Common texts can be generally divided into printing fonts and non-printing fonts, and the corresponding text segmentation and extraction difficulties are huge under different environmental backgrounds. Print fonts are typically generated by standardized industrial equipment, whose text is completely similar to the text internally filled, which provides the potential for improved effectiveness of various conventional extraction algorithms based on similar features. Meanwhile, the self-similar characteristic of background information is superimposed, and the self-similar characteristic is strong in comparison with the color of characters, so that a plurality of traditional machine learning methods also achieve good effects. With the development of artificial intelligence technology in recent years, a large number of algorithm models based on deep convolutional neural networks have realized positioning, extracting and identifying characters in various indoor and outdoor scenes, and especially the positioning accuracy is approaching to the limit, so that the current research is more focused on the extracting and identifying of characters. However, for non-printed fonts, such as Dan Paifang steganographic text, which is produced by craftsman engraving over several years, unlike the stable physical environment that indoor scenes have, text regions can produce self-similarity of blocks under the influence of rain chemicals, climbing over plant secretions, etc., which necessarily results in failure of many algorithms to directly apply text extraction for printed fonts. Meanwhile, for natural stone, the whole background area before and after the character carving has more complex self-similar repeated texture characteristics, so that the carving trace under the effect of weathering effect is more difficult to extract, more physical rubbing is adopted in the prior art, the time consumption is huge, and the stroke detail deviation phenomenon still exists in rubbing text.
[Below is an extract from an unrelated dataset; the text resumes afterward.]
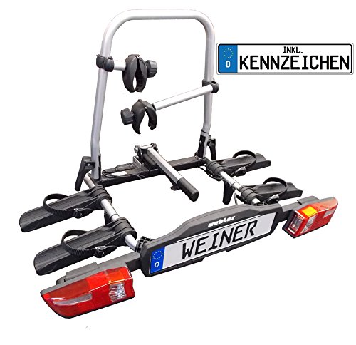 Uebler Porta biciclette in alluminio, pieghevole, mod. F22, per 2 biciclette, 15820, con targa
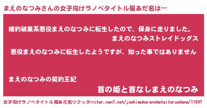 | 男性向けラノベタイトル風あだ名 | 『この素晴らしい世界にまえのなつみを!』 |

Therefore, how to solve the problem that the prior art cannot effectively extract the inscription with the highly self-similar foreground and background features is an urgent need to be solved at present.
Disclosure of Invention
The object of the present application is to provide a method, an apparatus, a device and a medium for extracting inscription characters, which are used for dividing and extracting inscription picture fonts with highly self-similar foreground and background characteristics.
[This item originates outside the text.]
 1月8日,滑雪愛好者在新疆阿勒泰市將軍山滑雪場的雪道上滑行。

The technical aim of the application is achieved through the following technical scheme:
in a first aspect of the present invention, there is provided a method for extracting steganographic characters, the method comprising:
stacking the networks by taking a U-Net network as a repeated network unit to obtain a second generator, wherein the convolution operation of the U-Net network is sequentially completed by convolution kernels with the size of 1 multiplied by 1 and average pooling with the size of 3 multiplied by 3; constructing a U-Net network by an encoder and a decoder, wherein the slope of an activation function of the encoder is greater than 1, and the slope of an activation function of the decoder is less than 1;
forming a first group of generating countermeasure network according to the first generator and the first decision device, forming a second group of generating countermeasure network according to the second generator and the second decision device, performing cross training on the first generator and the second generator according to the two groups of generating countermeasure networks, and obtaining a second generator with segmentation and extraction capability on the foreground and the background of the inscription picture when the training times reach a preset number of times, wherein the last U-Net network of the second generator is the first generator;
dividing and extracting the inscription words of the inscription picture to be processed according to the second generator.
In one implementation, the convolution operation of the U-Net network is expressed asWherein->Mean pooling, representing a size of 3 x 3,/->An operation representing a convolution kernel of size 1 x 1,/->And (5) representing a shallow feature map of the inscription picture.
In one implementation, the activation function of the encoder and the activation function of the decoder are both slopeleakyrlu functions.
In one implementation scheme, feature images of channel dimensions of the minimum scale scaling of the U-Net network are divided into two groups equally, after multiplication operation is carried out on one group of feature images and single-channel text mask templates with the same scale, the feature images are spliced with the feature images of the other group of channel dimensions, so that the constraint on the compression process of an encoder and the guidance on the generation process of a decoder are realized; wherein the U-Net network comprises a four-level scaling process.
In one implementation, a weighted two-class cross entropy loss function is employed as the loss function for the second generator training.
In one implementation scheme, a first group of generating countermeasure network is formed according to a first generator and a first decision device, a second group of generating countermeasure network is formed according to a second generator and a second decision device, the first generator and the second generator are cross-trained according to the two groups of generating countermeasure network, and when training times reach preset times, a second generator with segmentation and extraction capability on the foreground and the background of the inscription picture is obtained, and the method comprises the following steps:
the decoder of the first generator and a pre-trained first decision device form a first group of generation countermeasure network, the decoder of the first generator is trained according to the first generation countermeasure network, so that the decoder of the first generator has character generation and segmentation capability, and the trained decoder of the first generator is obtained; wherein the pre-training of the first decider is accomplished by a dataset generated from a plurality of different fonts of literal pictures of the same literal;
the second generator and the pre-trained second decision device form a second group to generate a countercheck network, training parameters of the decoder of the first generator after training is loaded in the decoders of all repeated network units of the second generator, the second generator after training parameters are loaded is trained according to the second group of countercheck network, and when the training parameters reach preset times, the second generator with segmentation and extraction capacity on the foreground and the background of the inscription picture is obtained, wherein the training of the second decision device is completed by data marked by the text picture of the real inscription.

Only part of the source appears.